Task directions => Would you print the lines below exactly, beginning at the line that has "gelaufen 1897, Briefmarke" and stopping after the line that has "產品目錄 【套書內容】 《國文高分題庫》2025"? Only those lines, and no pictures.

Records supplied =>
◆ ◆ ◆ ◆ ◆ ◆ ◆

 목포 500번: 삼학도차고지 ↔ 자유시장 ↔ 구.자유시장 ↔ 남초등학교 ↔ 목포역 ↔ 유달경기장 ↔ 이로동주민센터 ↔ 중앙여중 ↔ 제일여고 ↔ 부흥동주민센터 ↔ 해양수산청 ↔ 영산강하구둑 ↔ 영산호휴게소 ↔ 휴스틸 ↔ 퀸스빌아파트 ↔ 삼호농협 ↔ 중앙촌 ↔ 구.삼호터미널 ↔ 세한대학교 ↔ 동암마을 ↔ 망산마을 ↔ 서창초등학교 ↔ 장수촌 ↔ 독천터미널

◆ ◆ ◆ ◆ ◆ ◆ ◆

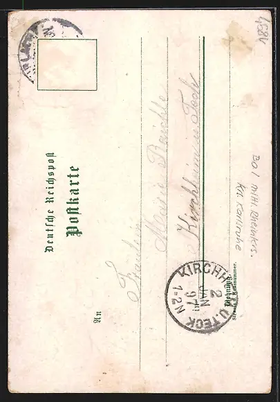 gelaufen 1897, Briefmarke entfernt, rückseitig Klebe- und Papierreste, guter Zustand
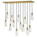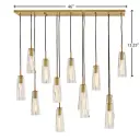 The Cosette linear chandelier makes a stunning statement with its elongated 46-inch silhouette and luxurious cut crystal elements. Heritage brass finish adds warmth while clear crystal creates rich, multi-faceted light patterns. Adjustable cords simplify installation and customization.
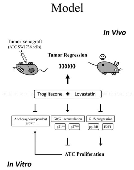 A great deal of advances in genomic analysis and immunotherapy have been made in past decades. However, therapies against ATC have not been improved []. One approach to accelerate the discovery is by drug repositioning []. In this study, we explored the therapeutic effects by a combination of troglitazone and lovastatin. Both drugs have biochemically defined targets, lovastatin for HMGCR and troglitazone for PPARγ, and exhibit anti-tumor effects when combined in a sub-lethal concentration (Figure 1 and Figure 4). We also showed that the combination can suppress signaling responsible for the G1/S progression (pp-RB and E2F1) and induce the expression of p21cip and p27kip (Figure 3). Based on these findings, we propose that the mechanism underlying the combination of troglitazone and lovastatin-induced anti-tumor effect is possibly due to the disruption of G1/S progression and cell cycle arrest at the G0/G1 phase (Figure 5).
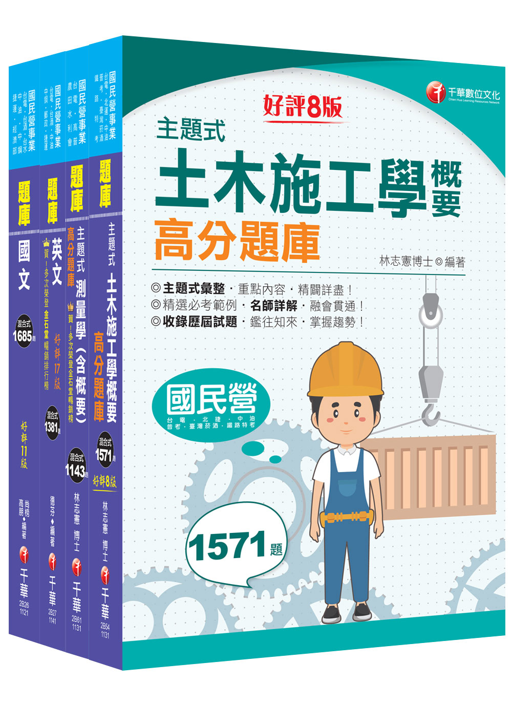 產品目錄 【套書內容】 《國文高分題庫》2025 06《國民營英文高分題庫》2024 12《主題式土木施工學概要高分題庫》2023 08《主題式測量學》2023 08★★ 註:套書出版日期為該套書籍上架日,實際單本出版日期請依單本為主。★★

◆ ◆ ◆ ◆ ◆ ◆ ◆

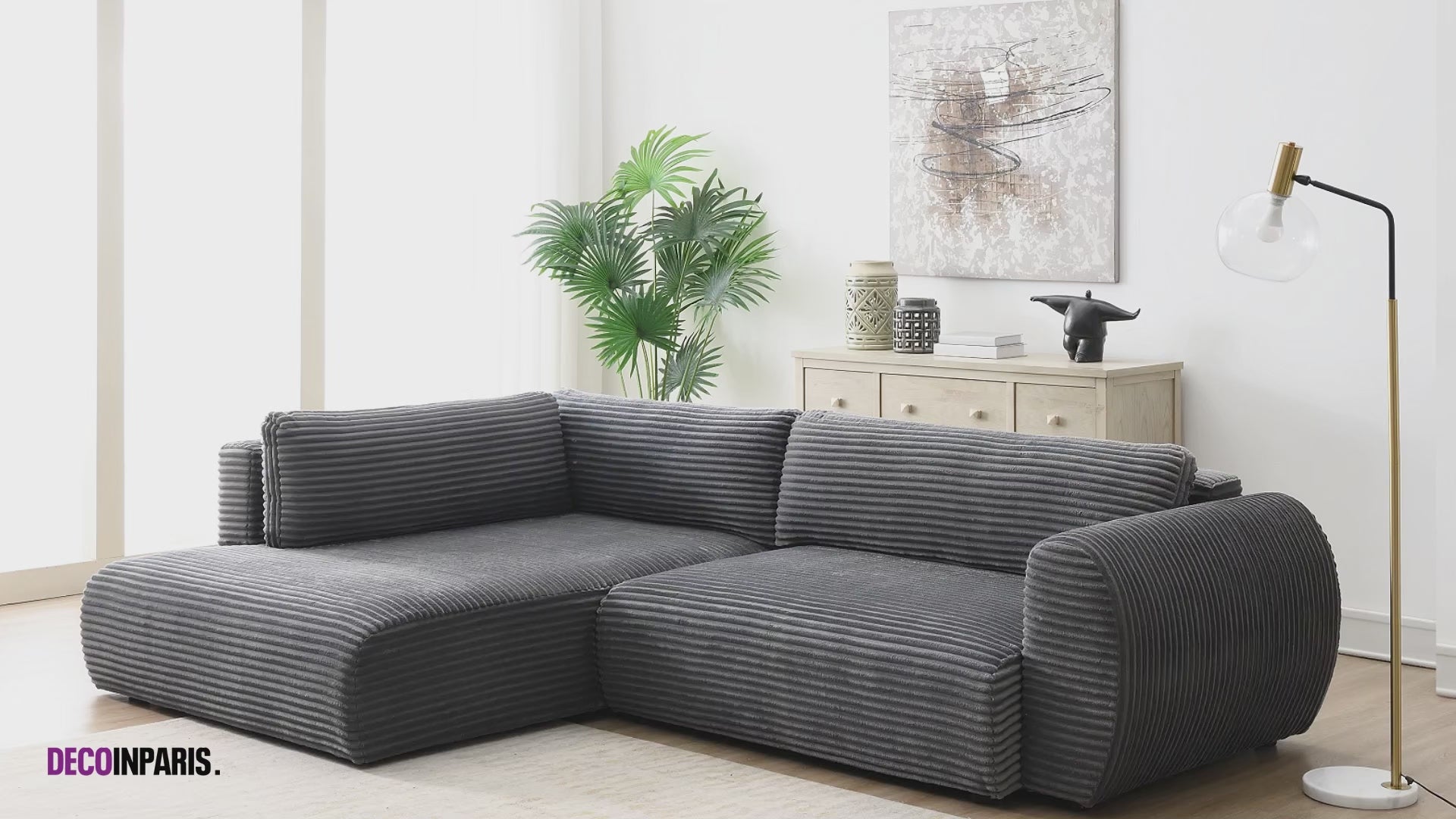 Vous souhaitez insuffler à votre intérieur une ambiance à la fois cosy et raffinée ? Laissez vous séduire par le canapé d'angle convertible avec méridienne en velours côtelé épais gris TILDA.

◆ ◆ ◆ ◆ ◆ ◆ ◆

Your solution =>
 gelaufen 1897, Briefmarke entfernt, rückseitig Klebe- und Papierreste, guter Zustand
 The Cosette linear chandelier makes a stunning statement with its elongated 46-inch silhouette and luxurious cut crystal elements. Heritage brass finish adds warmth while clear crystal creates rich, multi-faceted light patterns. Adjustable cords simplify installation and customization.
 A great deal of advances in genomic analysis and immunotherapy have been made in past decades. However, therapies against ATC have not been improved []. One approach to accelerate the discovery is by drug repositioning []. In this study, we explored the therapeutic effects by a combination of troglitazone and lovastatin. Both drugs have biochemically defined targets, lovastatin for HMGCR and troglitazone for PPARγ, and exhibit anti-tumor effects when combined in a sub-lethal concentration (Figure 1 and Figure 4). We also showed that the combination can suppress signaling responsible for the G1/S progression (pp-RB and E2F1) and induce the expression of p21cip and p27kip (Figure 3). Based on these findings, we propose that the mechanism underlying the combination of troglitazone and lovastatin-induced anti-tumor effect is possibly due to the disruption of G1/S progression and cell cycle arrest at the G0/G1 phase (Figure 5).
 產品目錄 【套書內容】 《國文高分題庫》2025 06《國民營英文高分題庫》2024 12《主題式土木施工學概要高分題庫》2023 08《主題式測量學》2023 08★★ 註:套書出版日期為該套書籍上架日,實際單本出版日期請依單本為主。★★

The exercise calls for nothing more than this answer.